Easy Being Green

Easy Being Green

 

King has always been a fan of the natural world. While a student at Denison, the BioReserve was one of his favorite spots. Photo: Tim Black

Jeremy King remembers the exact day–Monday, December 19th, 2005–that his wife called him from work and said five words that changed his life: “I can’t do this anymore.” It’s a moment he now recalls with a laugh. “I thought she was breaking up with me,” he says.

Instead, King’s wife (Susan Studer ‘96) was asking that the couple make good on a promise they wrote into their wedding vows, recited on the steps of Doane Library five years earlier. “We said we wanted to help make the world a better place,” he says. They applied to the Peace Corps the very next day. Eighteen months later–after selling their house, most of their furniture, and their Toyota Prius–they found themselves in Ecuador.

King, who is now Denison’s first campus sustainability coordinator, was no stranger to green living before his service in the Peace Corps. He was raised in a family that grew some of their own food and vacationed in national parks, and he and his wife biked to the grocery store, composted their food waste, and bought second hand whenever possible. In his ten years teaching science at Circleville High School in Ohio, he tried to impress basic environmental ideals on his students.

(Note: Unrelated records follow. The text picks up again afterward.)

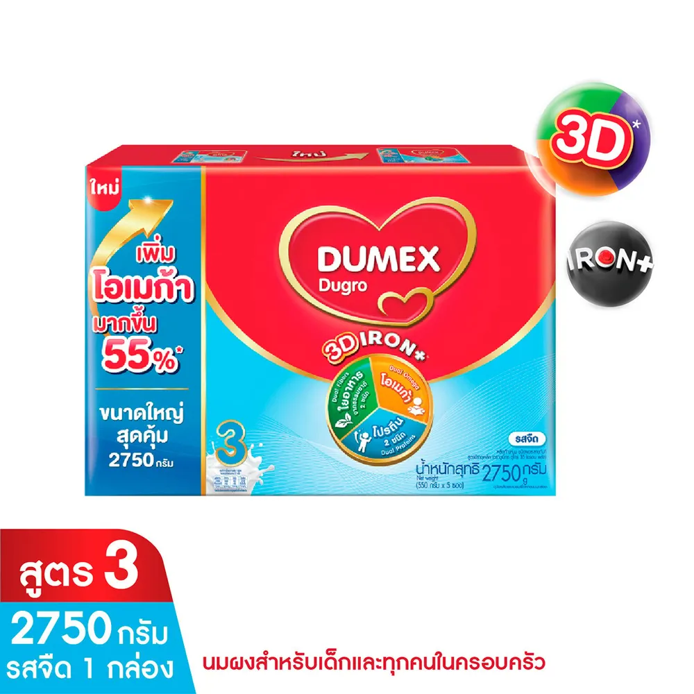 ดูเม็กซ์ ดูโกร ไอรอนแอคทีฟพลัส นมผง สูตร 3 สำหรับเด็กอายุ 1 ปีขึ้นไปและทุกคนในครอบครัว รสจืด 2750 ก.
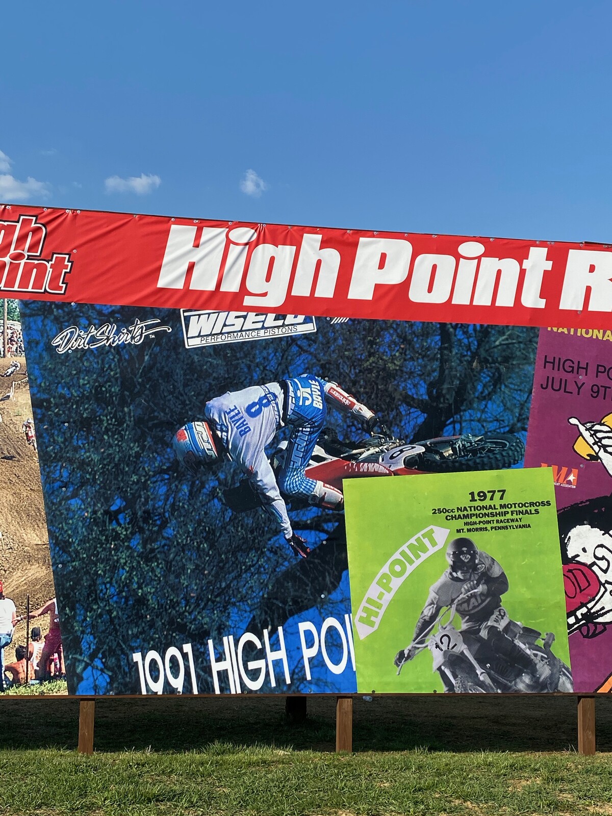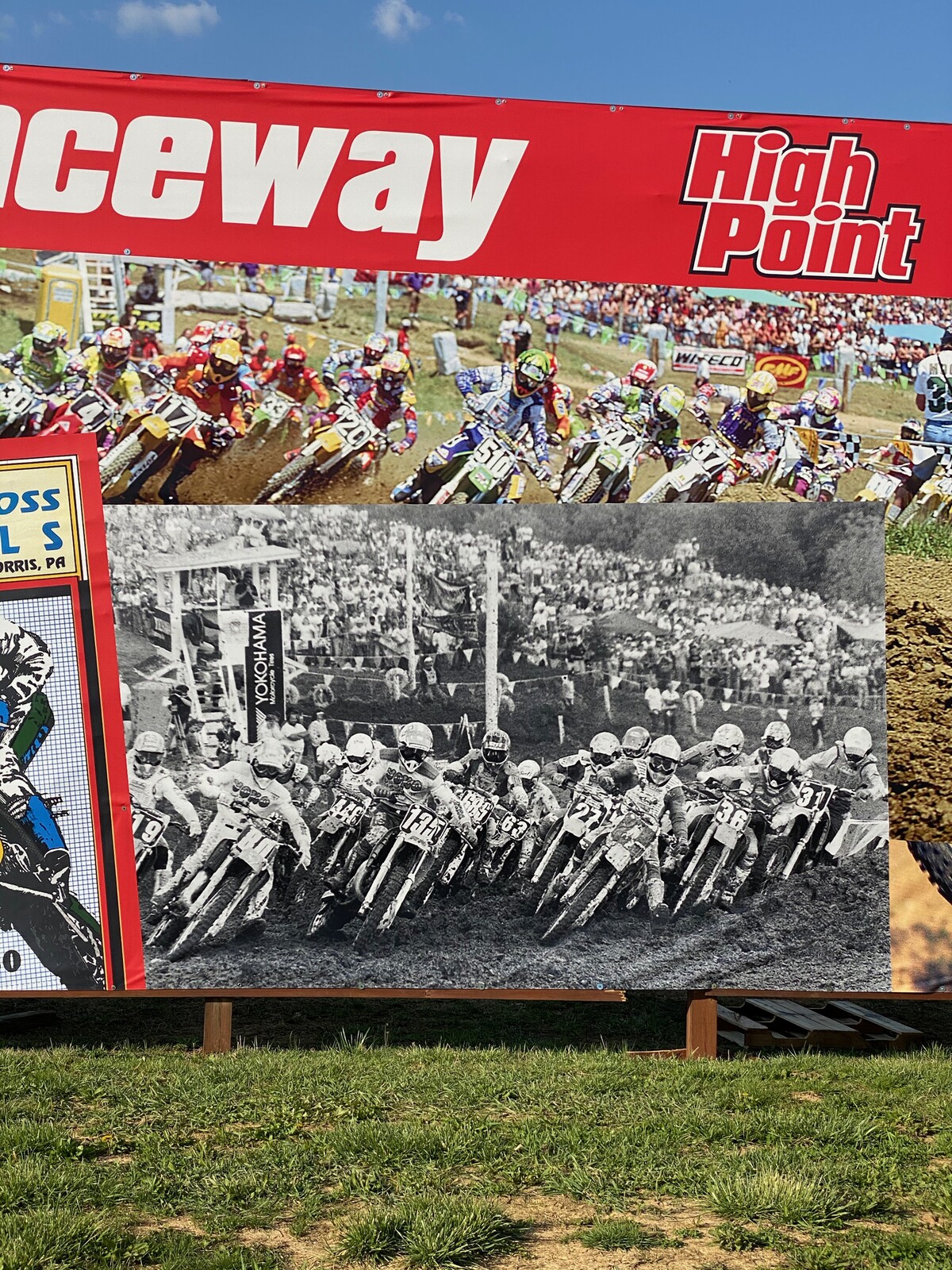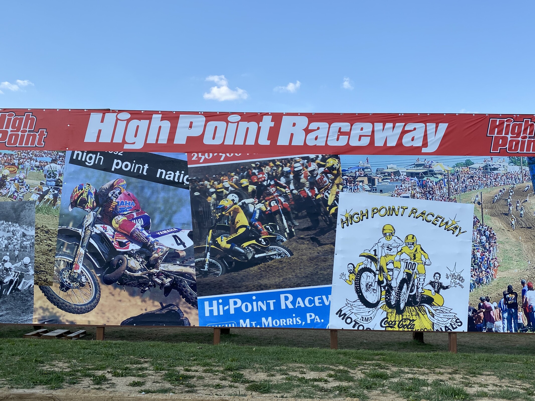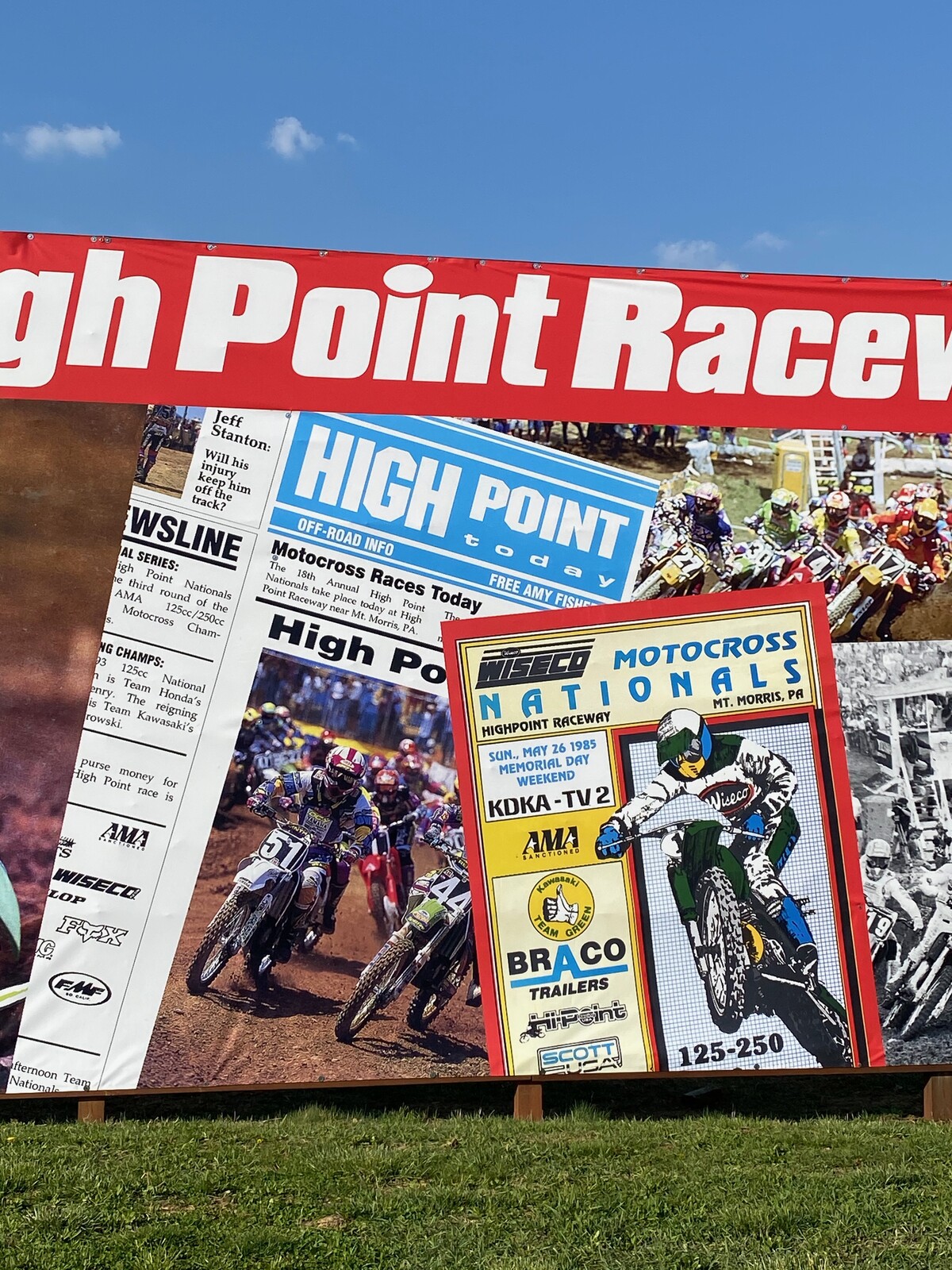 Earlier this year, we unveiled the brand-new historic backdrop behind the starting gate at High Point Raceway. It celebrates the history of the track, which was founded on the Holbert family farm in Mt. Morris, Pennsylvania, in September of 1976. One year later, High Point held its first outdoor national, and it has remained on what’s now the Lucas Oil AMA Pro Motocross Championship schedule every year—with the exception of 2020, when statewide COVID-19 restrictions barred large gatherings. During last year’s shutdown, we decided to do something cool to celebrate the history of High Point Raceway, so we asked Racer Productions graphic designer Heather Moebus to come up with a collage of old photos, pit passes, and program covers for the backdrop—something we saw done extremely well at the famed Assen TT circuit in the Netherlands at the 2019 Motocross of Nations, as well as the excellent “wall of fame” at Unadilla. High Point returns to the schedule this weekend for what will be the 44th Annual Pro Motocross event here, we thought we’d go into a little detail of just what each of those images mean for this week’s list. I’m going to try to do it in chronological order, but bear with me—there’s quite a bit of family history in here as well.
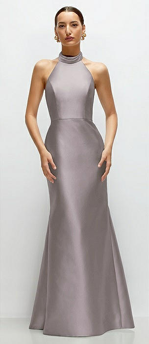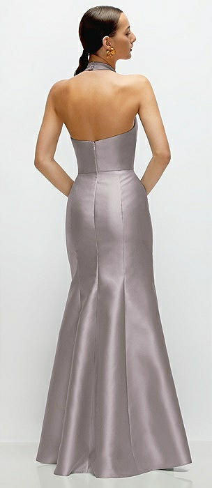 High-Neck Halter Open-Back Satin Trumpet Dress in cashmere gray
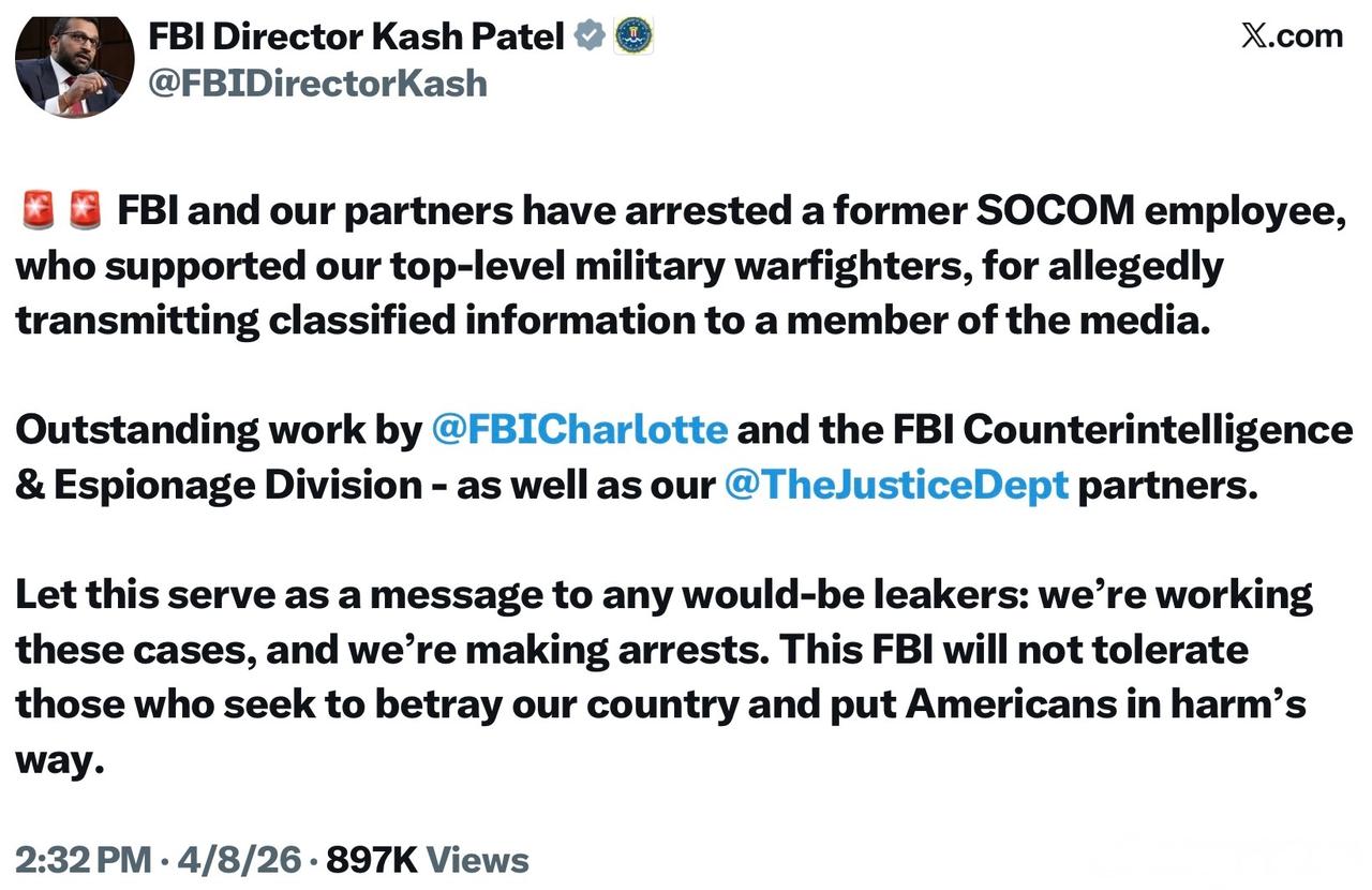 FBI 局长帕特尔宣布已逮捕了泄密者。伊朗政权起初并不知道还有幸存者,但她的泄密情报,等于给伊朗递了刀子,让在敌境的受伤飞行员、原本隐秘的救援行动、以及数百名正在寻找他的美军,处于极大的风险之中,差点害死在敌后的美军士兵。
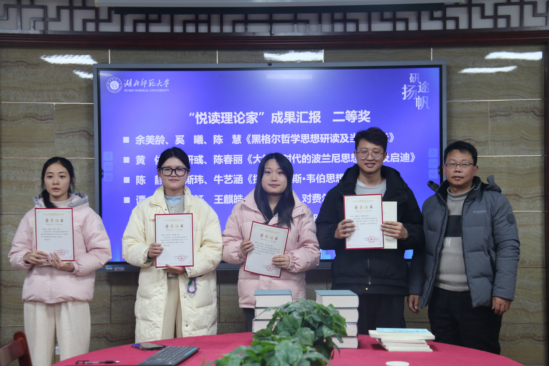 余美龄、奚曦、陈慧组的阅读汇报成果《黑格尔哲学思想研读及当代启示》、黄依、易妍彧、陈春丽组的阅读汇报成果《大转型时代的波兰尼思想理解及启迪》、陈静、王斯玮、牛艺涵组的阅读汇报成果《探索马克斯·韦伯思想及当代启迪》、谭冲、薛晓轩、王麒皓组阅读汇报成果《史学启迪:对费尔南·布罗代尔“长时段”理论的浅析》荣获二等奖,由伟德国际victor1946副院长王振钰老师予以颁奖。
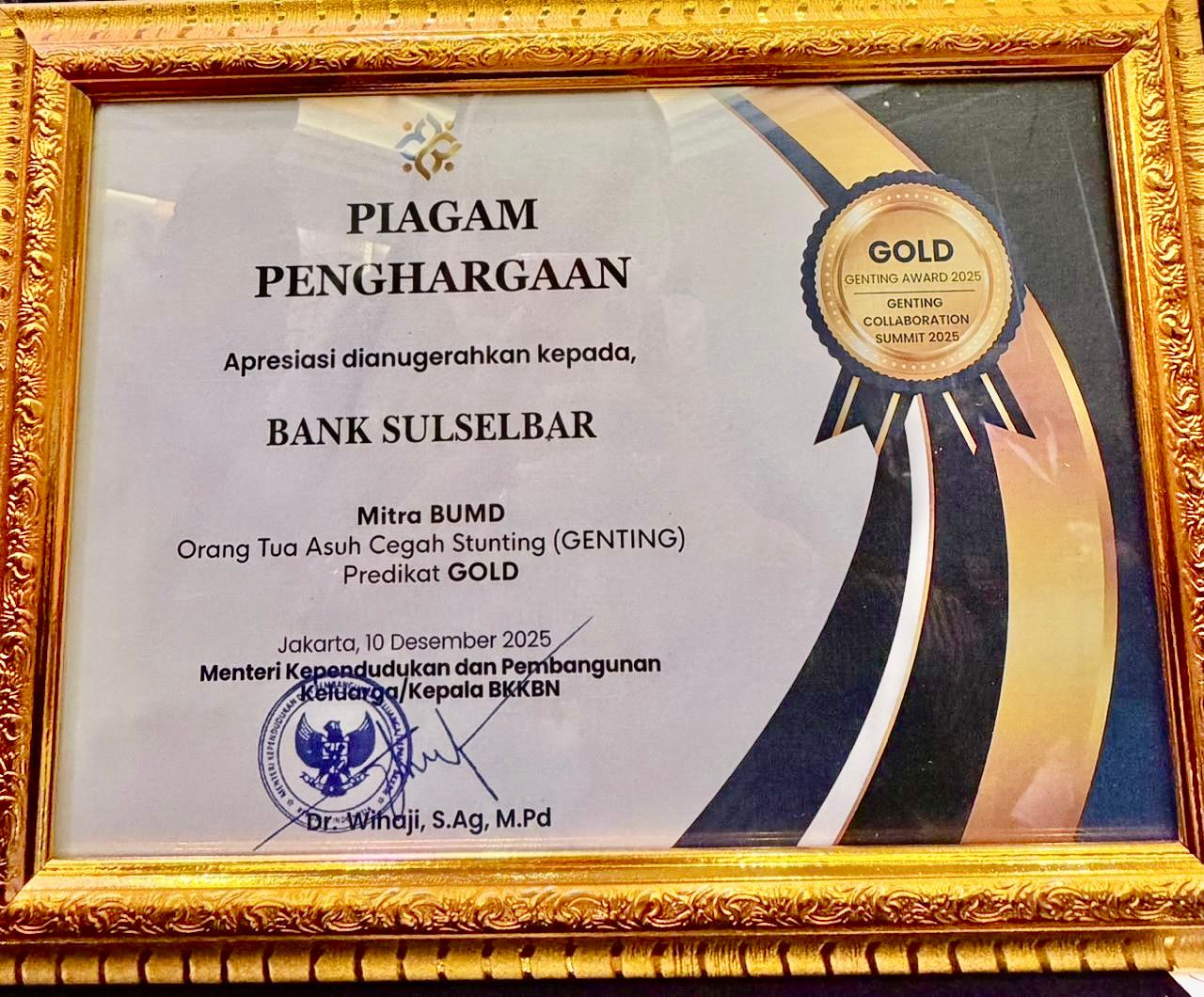 Pada kegiatan GENTING Collaboration Summit 2025 yang digelar di JS Luwansa Hotel Jakarta, dua mitra asal Bulukumba berhasil meraih Penghargaan GOLD, predikat tertinggi yang diberikan kepada mitra pentahelix yang berkontribusi signifikan dalam percepatan penurunan stunting.

But in Ecuador, King saw places where sustainability was a matter of life and death, not lifestyle. During his two-year service, he worked on a watershed conservation program to protect drinking water for the town of Puyo, and he taught community members and local school children about deforestation, pollution, erosion, remediation, and conservation. When he visited schools to do presentations on water conservation for the students and help teachers incorporate environmental education into their curriculum, he became known as “mago,” or magician, for the magic tricks he performed using water. Smaller amounts of his time in Ecuador were spent building composting toilets to keep rivers clean and rainwater collection systems to combat dry conditions, teaching farmers to compost so crops could grow in nutrient-poor soil, and establishing fish ponds to provide food and sources of income. And through all of it, he lived without the usual creature comforts like television (he read 70 books instead).

King’s approach to his new job at Denison reflects some of what he learned during his service. “As a Peace Corps volunteer, you don’t just jump in and start changing things,” he says. “You see where the community is, what they need, and what they want. I don’t plan on being Denison’s ‘sustainability czar.’”

“When I was in college, you were a ‘tree hugger’ if you were environmentally aware, but being green is now commonplace. That makes the job a lot easier, because I don’t have to bring people to that side. They’re already there.”

After all, King doesn’t have to start from scratch. Denison already has a recycling plant that services the entire Granville community and a composting system that turns food waste into fertilizer. The library is equipped with solar panels, and Barney-Davis Hall underwent a green renovation in 1996. And of course, the campus Homestead program has promoted sustainable living since 1977–long before “sustainability” was even in the vernacular. In many small ways all over campus, the folks in the physical plant office are also trying to reduce the college’s carbon footprint: They use low-VOC paint and eco-friendly cleaners, replace incandescent bulbs with compact fluorescents, and salvage construction debris for recycling. “When I was in college, you were a ‘tree hugger’ if you were environmentally aware, but being green is now commonplace,” says King, who also holds a master’s degree in natural resources from The Ohio State University. “That makes the job a lot easier, because I don’t have to bring people to that side. They’re already there.”

But in hiring a staff member devoted to environmental sustainability–something many Denison-sized schools have yet to do–the college is taking its commitment to the next level. “Especially given the economy, this speaks volumes for what Dr. Knobel thinks about sustainability, and that should be encouraging to everyone,” King says.

When you ask him about his grand vision for Denison, King quickly brings you back to Earth: Finding common ground on campus–including a unified vision for what sustainability looks like at Denison–is his first order of business. That means talking extensively with faculty, staff, and students to find out what kinds of projects they most value.

Still, it’s clear he has a wish list. He says Denison’s food service could become a model for other schools, with local and organic choices, programs to cut plate waste, and biodegradable packaging. He’d love to see faculty incorporate more sustainability-focused discussions into curricula. And, of course, there’s the fact that nearly all of Denison’s power comes from coalburning facilities. “Finding a cleaner source should be our ultimate goal,” he says.

King hopes to influence what people do, not only on campus, but also out in the world. “We can do these incredible initiatives here, but what happens when staff members go home for the evening or students go home for the summer? We need to instill an ethic of sustainability that carries into our lives beyond Denison.”